Conversely (by definition of Normal distributions), any distribution with a log density function that can be written in this form (and is defined for all real numbers) is a Normal distribution. Let's memorialize this characterization by highlighting it:
Any density function $f$ that is (a) defined for all real numbers and (b) whose logarithm is a quadratic function of its argument describes a Normal distribution.
Recall that the logarithm of a product is the sum of the logarithms. Thus, the question comes down to this:
Is the sum of two quadratic functions quadratic?
Trivially, yes, because by the rules of polynomial addition,
$$(-a_1 x^2 + 2b_1 x + c_1) + (-a_2 x^2 + 2b_2 x + c_2) = -(a_1+a_2)x^2 + 2(b_1+b_2)x + (c_1+c_2),$$
QED.
We can go further, though: it is of interest to identify which Normal distribution occurs. For this, the notation of the question will be convenient. The preceding calculation is now written
$$\begin{aligned} \left(A(\mu_x,\sigma_x)-\tau(\sigma_x)^2 (x-\mu_x)^2\right) + \left(A(\mu_y,\sigma_y)-\tau(\sigma_y)^2 (x-\mu_y)^2\right) \\ = A(\mu,\sigma)-\tau(\sigma)^2 (x-\mu)^2 \end{aligned}$$
where $\sigma^2$ is the variance of the result, $\mu$ is its mean, and $A(\mu,\sigma)$ is the logarithm of its normalizing constant.

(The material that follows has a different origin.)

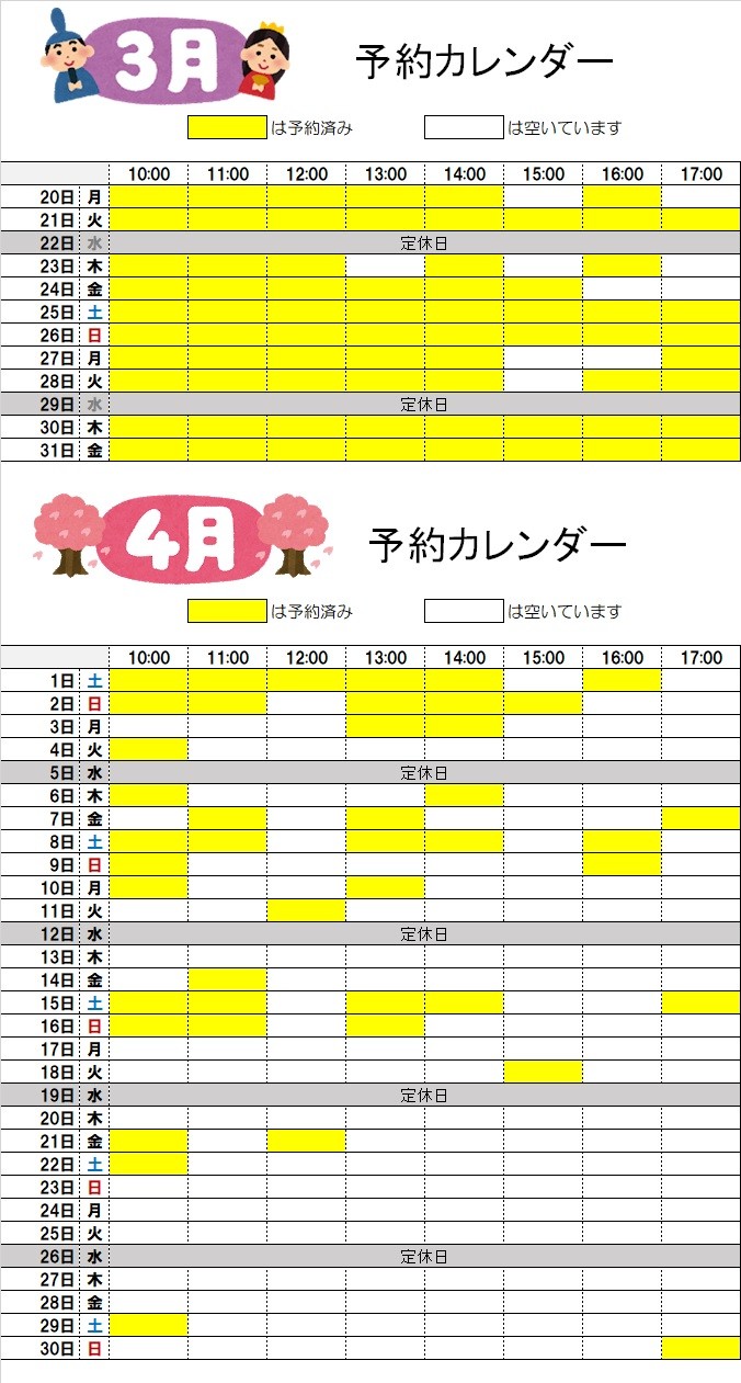 3月20日(月)作業予約状況です ポスト 2023年3月20日 今年は、例年より暖かいので、3月に履き替えをされる方が多いように感じます。 カレンダーを掲載しましたので、履き替え予約の参考にご利用ください。 タイヤ館 上田 住所:386-0014長野県上田市材木町1-9-18 電話番号: 0268-23-8766

My point is that we can solve this problem by inspection. This is a math-speak term for saying you don't have to write anything down because you can pick out appropriate polynomial coefficients just by looking. To wit,
The coefficient of $x^2$ must be the sum of its coefficients on the left hand side, giving $$\tau(\sigma)^2 = \tau(\sigma_x)^2 + \tau(\sigma_y)^2.\tag{1}$$
The coefficient of $x$ must be the sum of its coefficients on the left hand side. This requires slightly greater perception: namely, recognizing that the coefficient of $x$ in the square $(x-\mu)^2$ is $-2\mu.$ Thus, $$2\tau(\sigma)^2 \mu = 2\tau(\sigma_x)^2\mu_x +2\tau(\sigma_y)^2\mu_y.$$
Here, then, is the second place where we actually have to do some algebra: solve this equation for $\mu.$ Again, the solution is by inspection (because the equation is so simple), and we can simplify it using $(1)$ above:
$$\mu = \frac{2\tau(\sigma_x)^2\mu_x + 2\tau(\sigma_y)^2\mu_y}{2\tau(\sigma)^2} = \frac{2\tau(\sigma_x)^2\mu_x + 2\tau(\sigma_y)^2\mu_y}{2\tau(\sigma_x)^2 + 2\tau(\sigma_y)^2}.\tag{2}$$
The factors of $2\tau(\ )^2$ are the precisions of the distributions (q.v.), enabling us to characterize the results $(1)$ and $(2)$ in a simple, memorable fashion:
When multiplying two Normal densities, precisions add (just double both sides of equation $(1)$) and the mean is the precision-weighted average of the means (equation $(2)$).
The two highlighted equations--the first simplifying the sum of quadratics and the second solving a simple linear equation in one unknown--constitute the "two lines of algebra" I mentioned in my comment.